_DATA SEGMENT_:
____

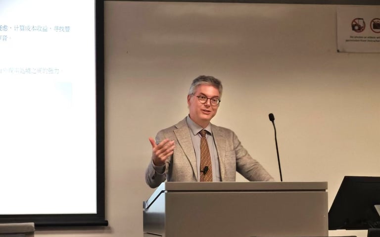 To illustrate this process, Professor Palmer drew on the Chinese classic Journey to the West as a metaphor for global business expansion, describing internationalization as a modern-day “pilgrimage for wisdom.” He suggested that companies need not only strategic vision, but also adaptability, local sensitivity, and institutional resilience. More importantly, he emphasized that businesses should not rely solely on macro-level policy analysis. They must also learn to listen to voices at the community level and understand the lived realities of local society. He described this shift as a movement from being an “outsider” to becoming a “co-builder” — an organization that participates in the social fabric of a place rather than remaining a distant investor.
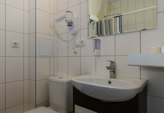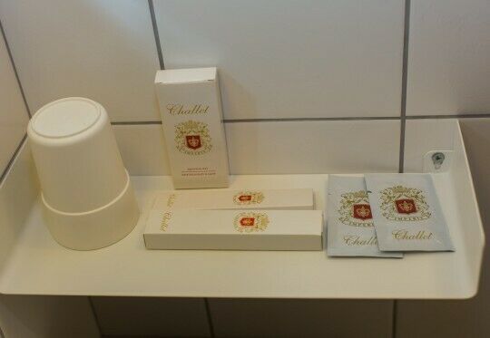 - Туалетные принадлежности: тапки, шампунь, гель, зубной набор, губка для обуви, шапочка для душа, бритвенный набор.
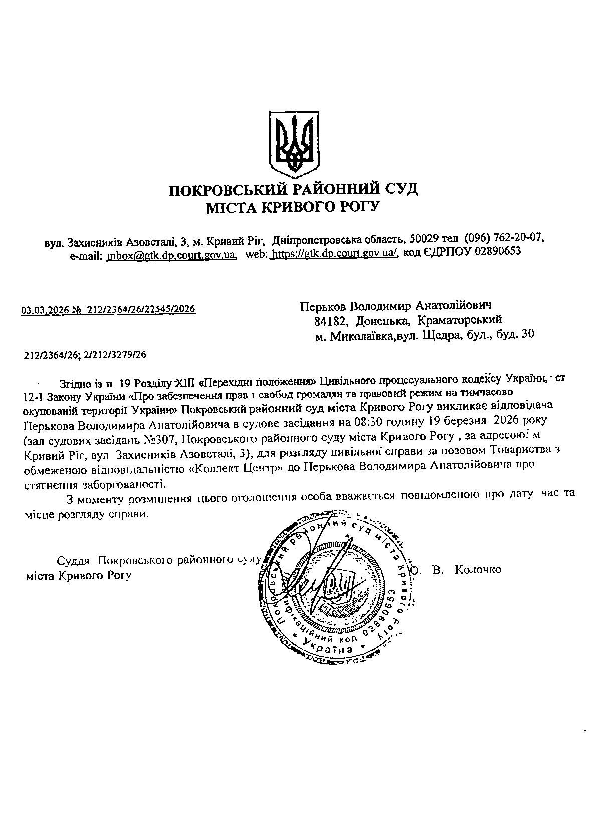 Оголошення про виклик до суду Перькова Володимира Анатолійовича
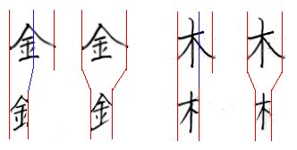 では前の時間にお話しした、長さをそろえ一画強調ということ、このことは上下からなる字には使えないのでしょうか? どうも日や月などは上の横学よりも少し狭くした方がよいようです。これには汎用的な理論というのはないのでしょうか? もう一度、扁と旁からなる字の説明の図を見直してみてください。今度は図を横にしてみたらどうでしょうか。おわかりですか? 日などにくらべ、横画が水平線でできている部分は、少し内側に書いてやるとそろって見えるということのようです。先ほどの理論がここにも応用できそうです。これについても詳しいことは、インターネット「仮説-字形感覚の原理-」を、参照してみてください。

____

_PROBLEM DETAILS_: The lines from the one containing "- Туалетные принадлежности: тапки, шампунь, гель, зубной" through the last line above are to be repeated exactly, and only those. Any pictures must be left out.

_WRITTEN ANSWER_:
 - Туалетные принадлежности: тапки, шампунь, гель, зубной набор, губка для обуви, шапочка для душа, бритвенный набор.
 Оголошення про виклик до суду Перькова Володимира Анатолійовича
 では前の時間にお話しした、長さをそろえ一画強調ということ、このことは上下からなる字には使えないのでしょうか? どうも日や月などは上の横学よりも少し狭くした方がよいようです。これには汎用的な理論というのはないのでしょうか? もう一度、扁と旁からなる字の説明の図を見直してみてください。今度は図を横にしてみたらどうでしょうか。おわかりですか? 日などにくらべ、横画が水平線でできている部分は、少し内側に書いてやるとそろって見えるということのようです。先ほどの理論がここにも応用できそうです。これについても詳しいことは、インターネット「仮説-字形感覚の原理-」を、参照してみてください。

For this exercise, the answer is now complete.